Moral nonaccountability is a climate problem

Model Rule of Professional Responsibility 1.2(b) states that representing a client “does not constitute an endorsement of the client’s political, economic, social or moral views or activities.” This narrative casts lawyers as neutral service providers who need not consider the economic, political, or ethical implications of their actions. Despite robust arguments to the contrary, many attorneys remain unreceptive to the idea that their duty to the public interest extends to their choice of cases and clients. Moral nonaccountability enables most law schools and firms to assign prestige to careers that damage society.

But tides are shifting in the legal profession, and law students—arguably the members of the legal community with the least power—have taken a stand. In September 2020, a group of students founded Law Students for Climate Accountability (LSCA), an advocacy network that has expanded to law schools across the country. LSCA ranks law firms according to their litigation, lobbying, and transactional work for fossil fuel companies. Over the last two years, more than 200 students have signed LSCA’s Law Student Climate Pledge. Signatories commit to “stigmatize and ultimately eliminate the legal industry’s complicity in perpetuating climate change” by refusing to work for firms that represent fossil fuel industry clients, financial circumstances permitting.

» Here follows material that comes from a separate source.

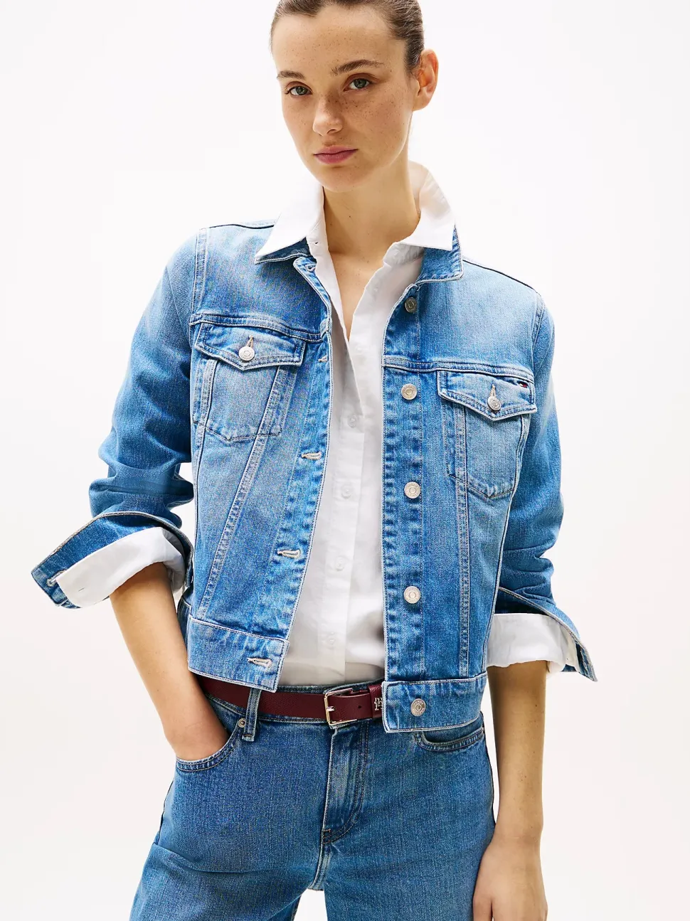 Tämä ajaton takki on valmistettu joustavasta denimistä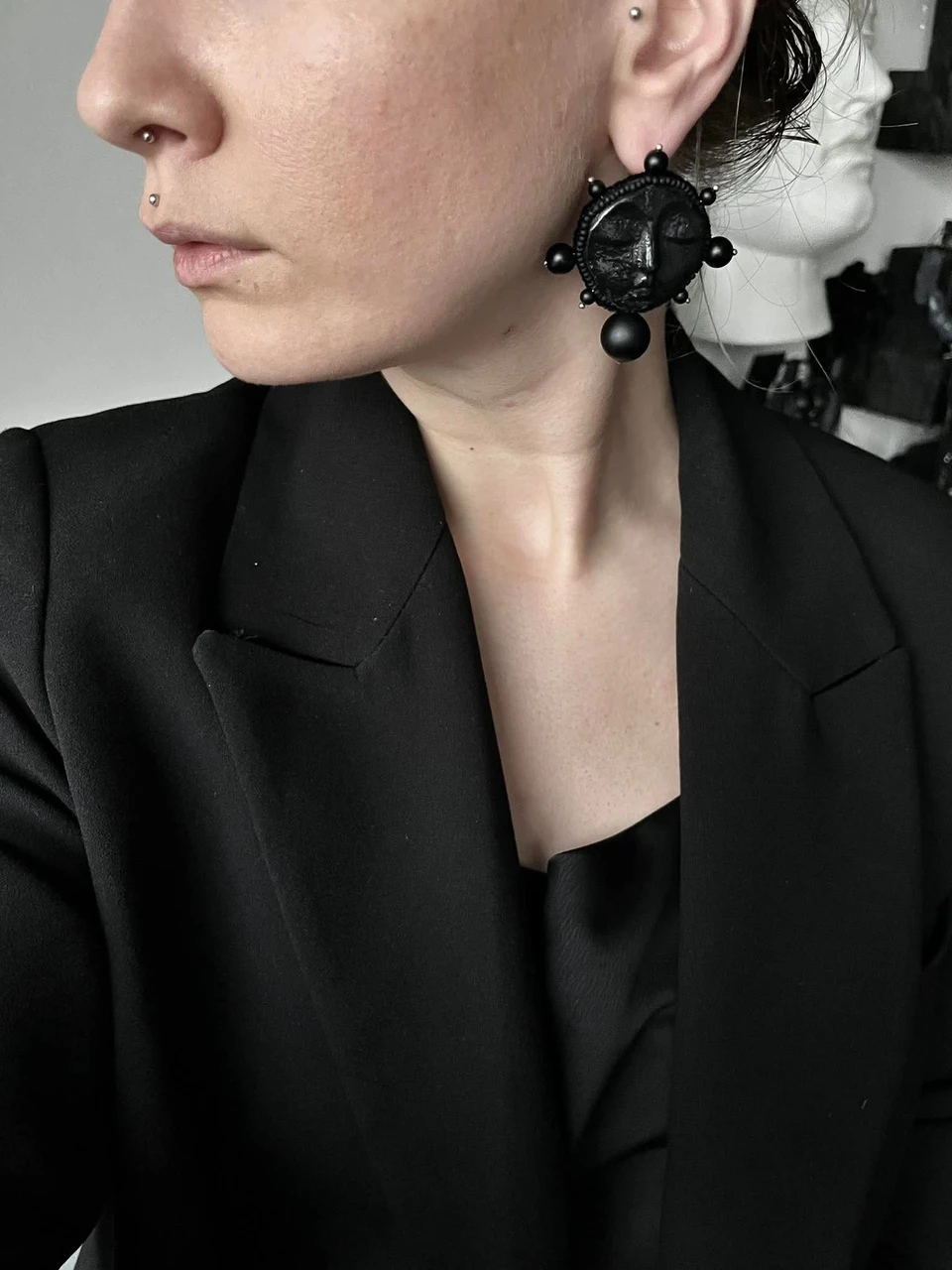 C H I Bold Accessories näomotiividega Statement kõrvarõngad Black moon Face.

This trend of renewed moral accountability for one’s work extends beyond the legal profession. For example, Clean Creatives connects public relations and advertising professionals who refuse to serve clients that cause social harm. For more than a decade, Rainforest Action Network has shed light on the role of big banks in financing fossil fuel projects. Even the United Nations secretary general recently issued a plea to young people: “Don’t work for climate wreckers.”

BigLaw is in bad shape

Between 2017 and 2021, top law firms took on 420 lawsuits on behalf of fossil fuel companies and facilitated a stunning $1.62 trillion in fossil fuel transactions. Moreover, according to the Corporate Pro Bono Institute, “the percentage of pro bono environmental law work within corporate law departments dropped from a paltry 6% in 2012 to an even more startling 2% in 2020.”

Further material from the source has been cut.